:: MATERIAL SHOWN

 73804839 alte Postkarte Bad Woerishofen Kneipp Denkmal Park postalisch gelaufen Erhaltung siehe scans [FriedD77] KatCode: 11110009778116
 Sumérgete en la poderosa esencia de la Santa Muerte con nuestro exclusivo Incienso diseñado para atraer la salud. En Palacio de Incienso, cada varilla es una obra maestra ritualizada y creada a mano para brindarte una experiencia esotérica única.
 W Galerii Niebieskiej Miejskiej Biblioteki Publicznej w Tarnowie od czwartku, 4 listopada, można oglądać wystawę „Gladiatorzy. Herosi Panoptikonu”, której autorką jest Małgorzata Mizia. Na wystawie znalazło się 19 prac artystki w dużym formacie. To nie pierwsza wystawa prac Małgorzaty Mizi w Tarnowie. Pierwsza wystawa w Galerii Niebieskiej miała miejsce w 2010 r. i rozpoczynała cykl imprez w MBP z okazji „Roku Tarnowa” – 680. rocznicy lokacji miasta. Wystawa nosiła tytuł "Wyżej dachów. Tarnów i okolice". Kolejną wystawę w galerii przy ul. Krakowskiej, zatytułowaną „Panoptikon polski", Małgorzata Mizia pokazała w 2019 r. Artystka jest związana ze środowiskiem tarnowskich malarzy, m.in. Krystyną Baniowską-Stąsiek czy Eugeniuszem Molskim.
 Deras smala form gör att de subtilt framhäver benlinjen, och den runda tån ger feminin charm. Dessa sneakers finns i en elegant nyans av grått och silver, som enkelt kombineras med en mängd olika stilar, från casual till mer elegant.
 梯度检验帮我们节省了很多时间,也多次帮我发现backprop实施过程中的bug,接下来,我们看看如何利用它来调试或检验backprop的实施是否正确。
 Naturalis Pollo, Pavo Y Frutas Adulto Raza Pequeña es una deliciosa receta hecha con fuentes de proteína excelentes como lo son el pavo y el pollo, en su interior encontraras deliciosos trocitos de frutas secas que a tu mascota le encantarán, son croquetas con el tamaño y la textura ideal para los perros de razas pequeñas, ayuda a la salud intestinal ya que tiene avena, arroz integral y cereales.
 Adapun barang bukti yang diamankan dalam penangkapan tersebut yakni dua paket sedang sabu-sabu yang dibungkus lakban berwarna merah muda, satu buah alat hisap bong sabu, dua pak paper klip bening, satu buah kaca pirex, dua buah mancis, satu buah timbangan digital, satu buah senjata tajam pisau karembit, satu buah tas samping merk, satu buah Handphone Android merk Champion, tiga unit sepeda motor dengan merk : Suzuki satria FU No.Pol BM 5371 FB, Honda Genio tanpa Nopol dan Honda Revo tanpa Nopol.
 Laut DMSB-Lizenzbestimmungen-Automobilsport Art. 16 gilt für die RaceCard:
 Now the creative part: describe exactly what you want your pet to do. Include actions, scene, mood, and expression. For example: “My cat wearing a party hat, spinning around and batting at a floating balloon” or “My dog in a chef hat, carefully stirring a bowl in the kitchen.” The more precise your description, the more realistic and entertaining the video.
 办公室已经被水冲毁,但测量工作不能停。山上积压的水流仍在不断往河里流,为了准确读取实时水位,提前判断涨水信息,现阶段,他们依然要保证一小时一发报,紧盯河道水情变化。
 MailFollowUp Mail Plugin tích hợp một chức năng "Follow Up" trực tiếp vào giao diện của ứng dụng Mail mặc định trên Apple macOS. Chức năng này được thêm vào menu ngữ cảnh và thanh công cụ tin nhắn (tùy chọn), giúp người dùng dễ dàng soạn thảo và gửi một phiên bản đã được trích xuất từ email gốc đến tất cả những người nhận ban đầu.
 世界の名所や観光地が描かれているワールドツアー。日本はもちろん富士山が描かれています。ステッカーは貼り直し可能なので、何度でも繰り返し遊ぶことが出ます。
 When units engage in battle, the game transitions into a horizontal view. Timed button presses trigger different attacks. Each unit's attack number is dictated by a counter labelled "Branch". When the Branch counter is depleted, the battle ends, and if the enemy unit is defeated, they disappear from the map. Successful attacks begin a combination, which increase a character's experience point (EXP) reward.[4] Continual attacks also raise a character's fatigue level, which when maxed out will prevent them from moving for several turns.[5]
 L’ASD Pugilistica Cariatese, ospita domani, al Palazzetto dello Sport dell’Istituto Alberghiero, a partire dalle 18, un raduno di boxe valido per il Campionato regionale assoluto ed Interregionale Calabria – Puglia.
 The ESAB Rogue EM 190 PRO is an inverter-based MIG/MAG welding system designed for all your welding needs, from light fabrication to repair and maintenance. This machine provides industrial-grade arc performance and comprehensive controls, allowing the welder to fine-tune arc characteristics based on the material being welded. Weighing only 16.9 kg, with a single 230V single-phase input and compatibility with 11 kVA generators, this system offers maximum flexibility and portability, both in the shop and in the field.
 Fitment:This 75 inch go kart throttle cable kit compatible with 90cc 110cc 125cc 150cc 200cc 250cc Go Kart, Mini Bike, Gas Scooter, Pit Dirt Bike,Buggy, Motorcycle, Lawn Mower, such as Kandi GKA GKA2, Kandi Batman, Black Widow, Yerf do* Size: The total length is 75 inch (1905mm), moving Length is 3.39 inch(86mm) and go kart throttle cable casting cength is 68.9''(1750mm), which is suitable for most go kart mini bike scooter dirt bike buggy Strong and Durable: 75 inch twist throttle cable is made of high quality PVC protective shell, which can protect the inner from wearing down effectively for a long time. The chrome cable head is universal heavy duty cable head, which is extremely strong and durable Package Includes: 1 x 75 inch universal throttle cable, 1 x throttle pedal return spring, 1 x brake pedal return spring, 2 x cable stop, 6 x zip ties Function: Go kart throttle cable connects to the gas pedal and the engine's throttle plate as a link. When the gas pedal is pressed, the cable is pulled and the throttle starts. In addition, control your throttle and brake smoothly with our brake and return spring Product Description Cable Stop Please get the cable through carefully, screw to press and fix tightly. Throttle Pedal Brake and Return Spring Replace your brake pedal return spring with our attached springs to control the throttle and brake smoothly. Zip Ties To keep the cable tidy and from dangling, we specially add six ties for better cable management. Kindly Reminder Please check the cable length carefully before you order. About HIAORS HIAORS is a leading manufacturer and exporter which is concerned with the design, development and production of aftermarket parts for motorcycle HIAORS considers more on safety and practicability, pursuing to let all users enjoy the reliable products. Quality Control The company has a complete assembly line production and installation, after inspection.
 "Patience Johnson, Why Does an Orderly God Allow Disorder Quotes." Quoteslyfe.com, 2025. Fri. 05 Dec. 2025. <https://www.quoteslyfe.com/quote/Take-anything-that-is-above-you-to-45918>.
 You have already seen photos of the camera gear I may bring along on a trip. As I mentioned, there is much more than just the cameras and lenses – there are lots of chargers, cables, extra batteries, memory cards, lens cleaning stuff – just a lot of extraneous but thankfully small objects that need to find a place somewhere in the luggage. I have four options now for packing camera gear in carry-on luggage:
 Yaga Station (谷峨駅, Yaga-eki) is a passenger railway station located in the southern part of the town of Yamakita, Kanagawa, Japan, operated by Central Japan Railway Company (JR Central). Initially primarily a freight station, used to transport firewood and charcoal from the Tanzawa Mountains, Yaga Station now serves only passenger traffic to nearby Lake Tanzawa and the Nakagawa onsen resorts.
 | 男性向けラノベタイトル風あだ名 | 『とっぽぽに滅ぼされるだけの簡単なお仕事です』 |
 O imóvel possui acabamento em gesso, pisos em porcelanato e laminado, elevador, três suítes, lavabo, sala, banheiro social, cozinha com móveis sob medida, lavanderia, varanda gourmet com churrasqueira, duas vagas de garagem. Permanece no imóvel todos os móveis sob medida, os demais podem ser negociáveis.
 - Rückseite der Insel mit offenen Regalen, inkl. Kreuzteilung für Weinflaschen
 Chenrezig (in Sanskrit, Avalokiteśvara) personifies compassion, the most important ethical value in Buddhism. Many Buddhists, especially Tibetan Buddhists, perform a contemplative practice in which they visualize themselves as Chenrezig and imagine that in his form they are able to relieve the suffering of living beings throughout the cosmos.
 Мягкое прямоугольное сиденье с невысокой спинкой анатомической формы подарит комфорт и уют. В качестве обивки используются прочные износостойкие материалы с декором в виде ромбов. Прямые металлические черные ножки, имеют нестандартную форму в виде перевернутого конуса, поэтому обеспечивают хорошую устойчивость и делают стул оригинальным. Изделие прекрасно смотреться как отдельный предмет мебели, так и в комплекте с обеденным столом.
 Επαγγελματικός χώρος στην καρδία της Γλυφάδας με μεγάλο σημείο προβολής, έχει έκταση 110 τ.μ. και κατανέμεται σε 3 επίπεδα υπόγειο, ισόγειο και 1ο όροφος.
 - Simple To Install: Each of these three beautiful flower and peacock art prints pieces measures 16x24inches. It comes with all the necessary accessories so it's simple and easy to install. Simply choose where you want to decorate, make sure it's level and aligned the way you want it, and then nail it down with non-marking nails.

::::

Each line from the first line of the listing through the line with "Sumérgete en la" must be output exactly, both ends included, and no other line may appear.

 73804839 alte Postkarte Bad Woerishofen Kneipp Denkmal Park postalisch gelaufen Erhaltung siehe scans [FriedD77] KatCode: 11110009778116
 Sumérgete en la poderosa esencia de la Santa Muerte con nuestro exclusivo Incienso diseñado para atraer la salud. En Palacio de Incienso, cada varilla es una obra maestra ritualizada y creada a mano para brindarte una experiencia esotérica única.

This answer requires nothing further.